First, we need to create a new Java class and annotate it with @Component
. This annotation tells Spring that this is a component that can be injected into other components.
@Component
public class RandomNumberSquarer {
}
Next, we need to inject a StreamExecutionEnvironment
into our job. StreamExecutionEnvironment
is the entry point for all Apache Flink stream processing programs.
@Autowired
private StreamExecutionEnvironment env;
Now we can write a method to create and execute our Flink job. We'll call this method squareRandomNumbers
.
public void squareRandomNumbers() {
DataStream<String> stream = env
.addSource(flinkKafkaConsumer.setStartFromEarliest()

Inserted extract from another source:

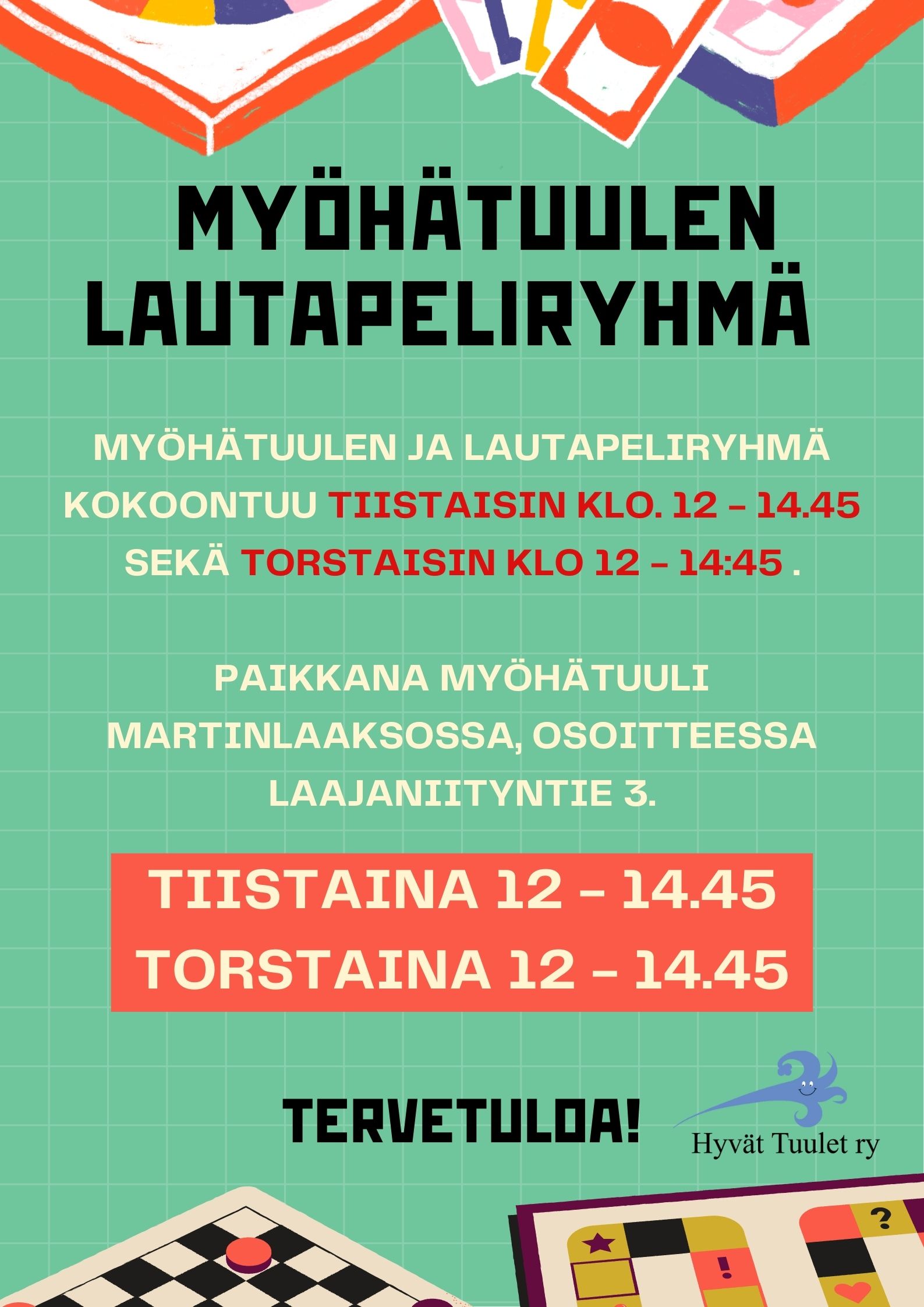 Hyvien Tuulien lautapeliryhmä kokoontuu

.setTopic("random-numbers")
.setConsumerGroup("random-number-consumer"));
stream
.map(new MapFunction<String, String>() {
@Override
public String map(String value) {
int number = Integer.parseInt(value);
int square = number * number;
return String.valueOf(square);
}
})
.addSink(new FlinkKafkaProducer011<>("random-numbers-squared", new SimpleStringSchema(), props));
}
This method reads data from the random-numbers
Kafka topic, applies a map
transformation to square the numbers, and writes the results to the random-numbers-squared
Kafka topic.
Now that we have a Kafka producer, a Kafka consumer, and a Flink job, we need to wire them all together.

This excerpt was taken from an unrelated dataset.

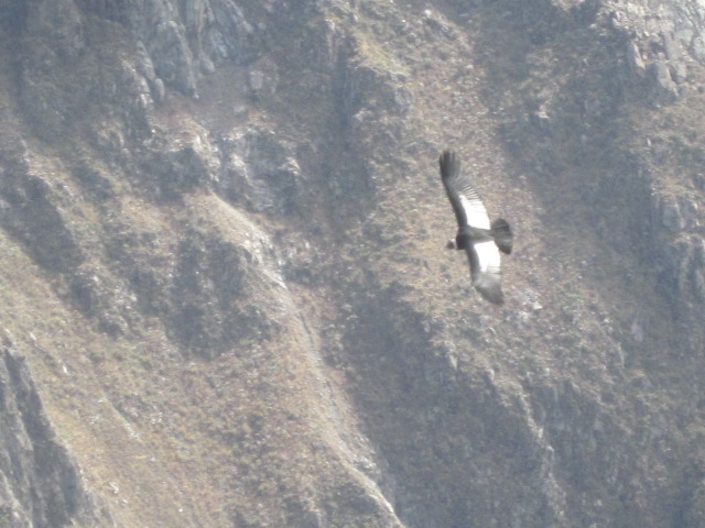 By 9:15am, we’d reached the main stop on our tour, Cruz del Condor (Condor Cross), where we would get an up close glimpse at the indigenous Andean Condor. With a wingspan of 10 feet, these condors were known to utilize heat thermals found in this particular area of the valley to glide up through the air without having to flap their wings. For some reason, the best time to catch this activity was from 9-10am, so we got there just in time for the show. We must’ve seen at least 15 of these guys soaring gracefully through the air here in one of the deeper points in the canyon.

We can do this by creating a new Spring Boot application and annotating it with @EnableScheduling
. This annotation tells Spring to enable scheduling for this application.
@SpringBootApplication
@EnableScheduling
public class Application {
public static void main(String[] args) {
SpringApplication.run(Application.class, args);
}
}
Next, we need to create a new @Configuration
class and annotate it with @EnableKafka
. This annotation tells Spring to enable Kafka for this application.
@Configuration
@EnableKafka
public class KafkaConfiguration {
}
Now we can create a @Bean
of type Properties
and annotate it with @Value
. This bean will be used to configure the Kafka producer and consumer.
@Bean
@Value("${kafka.bootstrap.servers}")
public Properties props() {
Properties props = new Properties();
props.setProperty("bootstrap.servers", bootstrapServers);
props.setProperty("group.id", "random-number-consumer");
props.setProperty("enable.auto.commit", "true");
props.setProperty("auto.commit.interval.ms", "1000");
props.setProperty("key.deserializer", "org.apache.kafka.common.serialization.StringDeserializer");
props.setProperty("value.deserializer", "org.apache.kafka.common.serialization.StringDeserializer");
return props;
}
Finally, we need to create a @Scheduled
method that calls the generateAndSendRandomNumber
and squareRandomNumbers
methods. This method will be called every second, and will generate and square random numbers in real time.
@Scheduled(fixedRate = 1000)
public void schedule() {
randomNumberProducer.generateAndSendRandomNumber();
randomNumberSquarer.squareRandomNumbers();
}
Now that we have our application configured, we can run it by simply running the main
method.
Once the application is up and running, you should see the following output in the console:
1
4
9
16
25
36
49
64
81
100
This output shows the results of our Flink job, which is squaring the random numbers that are being generated by our Kafka producer.
In this post, we've shown you how to build a real-time analytics application using Spring Boot and Apache Flink. We've also shown you how to wire together a Kafka producer, a Kafka consumer, and a Flink job to process data in real time.